However, worsening chest pain and dyspnea prompted her to seek evaluation at the emergency department (ED). Symptoms were partially relieved with aspirin and nitroglycerin. Her blood pressure was mildly elevated (138/82 mm Hg), and her heart rate was 60 beats/min. Blood testing revealed normal serial troponin levels. Coronary angiography demonstrated distal LAD artery dissection with TIMI flow grade 2 to 3 (Figure 1, Video 1).
Figure 1.
Spontaneous Coronary Artery Dissection of the Left Anterior Descending Artery
Coronary angiography showed left anterior descending artery spontaneous coronary artery dissection (arrows).
The patient was managed conservatively. Within 1 week of dismissal, she returned to the ED with dizziness and nausea. For those symptoms, magnetic resonance angiography did not show acute stroke or cervical arterial dissection. Troponin levels and the echocardiogram were normal. Subsequent comprehensive computed tomography angiography (CTA) showed an “S”-shaped curvature of both distal internal carotid arteries and a splenic artery aneurysm (Figures 2A and 2B). Repeat coronary angiography performed at 4 months for persistent exertional dyspnea showed improved appearance of the dissection.
Figure 2.
Arteriopathy
Comprehensive computed tomography angiography showed (A) “S”-shaped (oval) and coiled (arrow) curvature of the distal internal carotid arteries and (B) splenic artery aneurysm (arrow).
Case 2
A 57-year-old healthy woman presented to the ED with chest pain and dyspnea following vigorous exercise lasting 15 to 20 minutes from exercise cessation. She had attributed 2 previous similar episodes to anemia. Her resting blood pressure was elevated (161/118 mm Hg), and her heart rate was 62 beats/min.

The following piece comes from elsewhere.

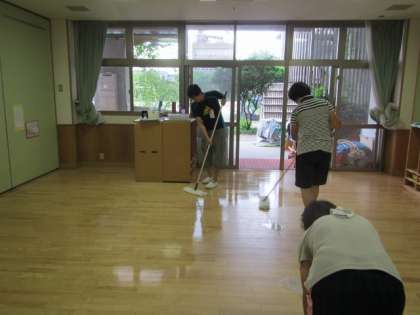 今日は遊戯室や保育室の物品を移動し、床にワックスなどを塗りました。

The electrocardiogram demonstrated T-wave inversions in leads V5 and V6. Her serial troponin levels increased slightly but remained within the normal laboratory limits (initial, <0.010 ng/mL; secondary, 0.015 ng/mL; final, 0.023 ng/mL [laboratory normal reference, <0.030 ng/mL]). The patient was referred for a stress echocardiogram by the ED clinician because of the “classic angina story.” The echocardiogram demonstrated a drop in ejection fraction from ∼60% at rest to ∼40% during peak stress, with regional wall motion abnormalities (RWMAs) in the territory of the LAD artery. Coronary angiography showed severe left main artery dissection with TIMI flow grade 3, likely LAD artery SCAD, and coronary artery tortuosity (Figures 3 and 4, Video 2). She was sent for emergency coronary artery bypass grafting, including a left internal mammary artery–to–LAD artery and saphenous vein graft to the obtuse marginal (OM) coronary artery. Comprehensive CTA revealed fibromuscular dysplasia (FMD) in the renal, carotid, and vertebral arteries and bilateral internal carotid pseudoaneurysms (Figures 5A and 5B). She participated in cardiac rehabilitation and experienced persistent exertional dyspnea. Three months following surgery, echocardiography showed a left ventricular ejection fraction of 59% without RWMA.
Figure 3.
Spontaneous Coronary Artery Dissection of the Left Main Artery
Coronary angiography showed left main spontaneous coronary artery dissection (yellow arrows) and likely spontaneous coronary artery dissection hematoma of the left anterior descending artery (orange arrows).
Figure 4.
Interval Worsening of the Left Main Spontaneous Coronary Artery Dissection
Coronary angiography showed worsening of the left main spontaneous coronary artery dissection (circle).
Figure 5.
Renal Artery Fibromuscular Dysplasia and Carotid Arteriopathy
Comprehensive computed tomography angiography showed (A) fibromuscular dysplasia of the renal artery (arrows) and (B) right internal carotid arteriopathy (arrow).
Case 3
A 55-year-old woman with a history of hyperlipidemia developed exertional chest pain during light exercise. She reported this to her physician and underwent stress echocardiography, which showed stress-induced hypokinesis of the septal wall. Coronary angiography showed stenosis of the right posterior descending (RPDA) and coronary artery tortuosity (Figures 6A to 6C, Video 3). The stenosis was thought to be atherosclerosis and was treated with a single drug-eluting stent (Figures 6A to 6C). She recovered without incident; however, on retrospective review of her images, the stenosis was likely RPDA SCAD.
Figure 6.
Spontaneous Coronary Artery Dissection of the Right Posterior Descending Artery
Coronary angiography showed (A) right posterior descending artery spontaneous coronary artery dissection (arrows), which was treated by (B) percutaneous coronary intervention with a single drug-eluting stent, and (C) coronary tortuosity.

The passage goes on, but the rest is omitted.